3. Have students examine the document's signatories. Explain that they will be watching an interview with Frank Dukes, who was a student at Miles College and one of the organizers of the campaign advertised in the Eleventh Commandment Flyer.

4. Show the Rev. Frank Dukes: Selective Buying Campaign Video. (You may also wish to distribute copies of the background article and/or the full interview transcript.) Ask students to write their answers to the following questions, then discuss them together as a class:

  • What were some of the conditions in Birmingham that Dukes was trying to change?
  • What were the potential risks of mounting a selective buying campaign?
  • Who was involved in the campaign? What did each group contribute?
  • Dukes says, "We had done our research." What research was required in order to mount and sustain the Selective Buying Campaign? Cite specific examples from the video and the flyer.
  • What strategic steps did the campaign use? Why were they effective?
  • What did they call the boycott a "selective buying campaign?"
  • Dukes says, "Had it not been for the success of the Selective Buying Campaign, there wouldn't have been the demonstration of '63." Why was selective buying a useful strategy and powerful tool to achieve the goals of the Civil Rights movement?
  • As a result of the campaign, what changed and what did not?

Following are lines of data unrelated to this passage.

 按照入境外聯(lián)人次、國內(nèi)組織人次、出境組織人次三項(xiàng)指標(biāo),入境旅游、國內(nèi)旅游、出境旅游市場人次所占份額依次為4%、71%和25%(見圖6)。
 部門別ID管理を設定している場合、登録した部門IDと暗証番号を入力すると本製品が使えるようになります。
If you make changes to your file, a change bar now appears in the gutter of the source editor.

Part III: Protest and Organizing in San Francisco

5. Show the Decision in the Streets Video and distribute the background essay. Ask students to write their answers to the following questions, then discuss them together as a class:

  • Why might San Franciscans have believed that their city was different from other parts of the country? Do you think that everyone in San Francisco believed this was true? Who might have had a different opinion and why?
  • In what ways were San Francisco's problems different from those of other parts of the country, such as Birmingham? In what ways were they similar?
  • What strategies were used in the San Francisco protests? Why do you think they were so successful? Do you think that these same strategies would have been effective in other cities? Why or why not?
  • In addition to job discrimination, what other inequities were San Francisco activists trying to end?
  • What was the significance of the protests for the San Francisco area? Why were they significant for the rest of the country?

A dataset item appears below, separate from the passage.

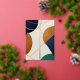 Abstract Geometric Art Modern poster minimalist with overlapping triangles and circles in jewel tones (emerald, sapphire, amber). Metallic gold accents and ‘Find Your Balance’ in tiny font.

Part IV: Making the Case for an Economic Program

6. Distribute the SCLC's Chicago Plan Document. Ask students to read the article and familiarize themselves with the housing conditions in that city in the 1960s. Ask students to write their answers to the following questions, then discuss them together as a class:

  • Why did African Americans move to northern cities like Chicago? What conditions (social and economic) were they leaving in the South, and what did they hope to find in the North?
  • In what ways was life in the urban cities of the North different from life in the South for African Americans? In what ways was it the same?

7. The same year that the SCLC proposed the Chicago Plan, a national proposal for a Freedom Budget was drafted. Distribute the background article and have students listen to Bayard Rustin: A Freedom Budget, Part 2. Then ask:

  • Why does Rustin describe a shift in strategy?
  • Do you agree with Rustin's statement of the problem? Why or why not?
  • What does an economic plan have to do with freedom?
  • What are the components of the Freedom Budget?
  • What does Rustin say is needed in order to create change in the new period of struggle?
  • Why did the Freedom Budget never get implemented? What would it take for it to succeed?

Check for Understanding

Have students discuss or write their responses to the following:

  • What were the economic implications of racial discrimination for African Americans? Give specific examples of discriminatory hiring practices, housing plans, etc.
  • What were some of the segregated conditions in different regions of the country?
  • Describe some of the grassroots campaigns designed to eliminate discrimination, including the specific individuals involved, the strategies they used, and the outcomes achieved.
  • What does economic equality have to do with the overarching goals of the Civil Rights movement?